You might also want to read Steven Jones' paper, which you can find here:
http://www.physics.byu.edu/research/energy/htm7.htmlAs you point out in your post 9, the insulation is key to NIST's theory. NIST's testing of the insulation can be found here:
http://wtc.nist.gov/NISTNCSTAR1-6A.pdfIt begins on page 263 (p. 315 of the .pdf).
I don't buy and impact and fire collapse, for various reasons, such as the damage caused by the planes was only reduced the gravity load-bearing capacity by about 15% in each building, the planes' fuel tanks were more than half empty, the fuel burned up in the first 10 minutes anyway, the recovered steel doesn't support NIST's simulation results, the Twin Towers were combustibles-lite, etc. Plus, 7 wasn't hit by a plane, so I can't see what stripped its fireproofing.

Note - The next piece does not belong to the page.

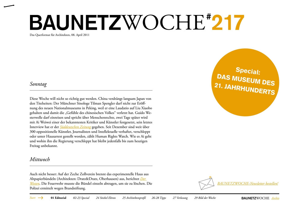 - Spezial: In Berlin liefert ein „jung und wild“ besetzter Wettbewerb eine Menge Ideen für radikale neue Ansätze eines „Museums“, beteiligt waren unter anderem Kuehn Malvezzi, Graft, J Mayer H, raumlaborberlin, atelier le balto, Sou Fujimoto, Brandlhuber+ und Office Kersten Geers David van Severen. Warum die Entwürfe bislang dennoch unveröffentlicht geblieben sind, erzählt die neue Ausgabe der BAUNETZWOCHE.
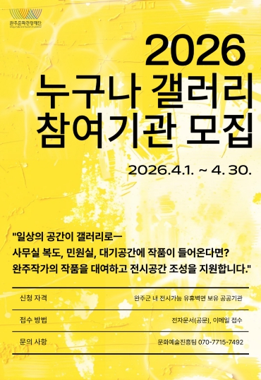 정철우 완주문화관광재단 상임이사는 “이번 사업을 통해 지역 작가들의 작품이 군민들의 일상속으로 더 가까이 다가가길 기대한다.”며, “완주군 곳곳의 유휴 공간이 품격 있는 갤러리로 변신할 수 있도록 많은 관심과 신청을 바란다.”고 전했다.

That the hijackers were "right in the middle of the FBI's counterterrorism coverage" is a quote from the 9/11 Commission's staff director, Eleanor Hill; it was broadcast on an edition of MSNBC's Hardball on 21 July 2004. The full quote is:
"Rather than the hijackers being invisible to the FBI, they were, in fact, right in the middle of the FBI's counterterrorism coverage."
By it she means that in the US the hijackers associated with 14 terrorist suspects the FBI investigated before 9/11. I mean that there are more imporant issues than why the WTC collapsed. Also, I'd like to point out that the NSA intercepted some of the hijackers' communications from/to the US.